American taxpayers, often facing power outages and steady rate increases from their local electric utility, are raising eyebrows today following President Barack Obama --- while on a three-nation tour of Africa --- pledging $7 billion to bring electricity to more parts of Africa, notes Grumpy Editor.
The Power Africa project is directed mainly at Ethiopia, Kenya, Liberia, Nigeria, Tanzania, Uganda and Mozambique.
Speaking yesterday in Cape Town, South Africa, Obama says the project would bring electricity to as many as 20 million homes and businesses in sub-Saharan Africa.
Today’s assignment: Survey U.S. media reports, see if there is mention that U.S. taxpayers would be supporting the $7 billion project in Africa while at home they are facing higher power bills and, in some cases, other costs.
In Nevada, for example, a recently-passed state bill calls for NV Energy to shutter coal-fired power plants and replace them with renewable energy and natural gas facilities --- with ratepayers reimbursing the New York Stock Exchange-listed utility for both closing old power plants and for construction of new ones.
Newspaper editorial staffers slide continues
There were about 2,600 fewer full-time professional editorial jobs at newspapers last year, a 6.4 percent decline from 2011, leaving that category with about 38,000 full-time employees, reports the American Society of News Editors in its annual newsroom census.
The total could be even lower. ASNE points out some large newspapers did not fill out the survey this year, resulting in missing data.
Those include USA Today, the Los Angeles Times, the Baltimore Sun, the Arizona Republic, the Miami Herald, the (New Orleans) Times-Picayune and several others.
In all, 978 of 1,382 dailies responded to the survey.

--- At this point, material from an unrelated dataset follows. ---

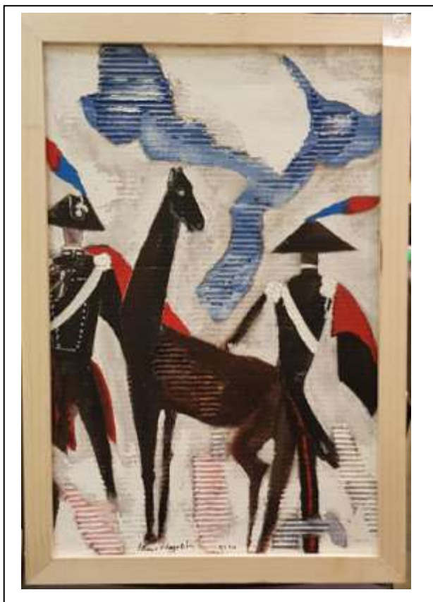
8 2021, Carabinieri e il Cavallo,, tecnica mista su cartone, 42,5 X 61.

....Cavalli .... Cavalieri e ....Cartapesta

Additionally, notes ASNE, the definition of editorial staff has become muddled as some newspaper operations maintain regional editing centers.
In case you missed these…
Crossfire will be returning to CNN in the fall. An earlier version aired for 19 years…At least a dozen Los Angeles Times editorial staffers received pink slips Friday…The Star-Ledger, Newark, part of Advance Publications, warns its 771 workers it may shut down by the end of the year if its employee unions don't make concessions…Not getting much coverage: CNSNews reports that “the Internal Revenue Service sent 23,994 tax refunds worth a combined $46,378,040 to ‘unauthorized’ alien workers who all used the same address in Atlanta, Ga., in 2011”…In a massive downsizing, the U.S. Army is slashing the number of active duty combat brigades to 33 from 45. A brigade usually numbers about 3,500 soldiers, but can be as large as 5,000 for the heavily armored units…Los Angeles bans plastic bags used in supermarkets. Patrons have to bring their own reusable bags or pay a dime for each paper bag. (No reports from environmentalists on concern in the number of trees cut down to supply sudden heavy usage of sturdy paper bags)…John Shaffer, program director at KDWN, Las Vegas, is named president of the Associated Press Television and Radio Association (APTRA).
A Bergen County, N.J. couple is facing a fine (up to $500) after neighbors complained the bird feeder of Alfred and Annette Rockefeller is attracting too much wildlife. Alfred, 77 and disabled, says feeding birds is one of his joys.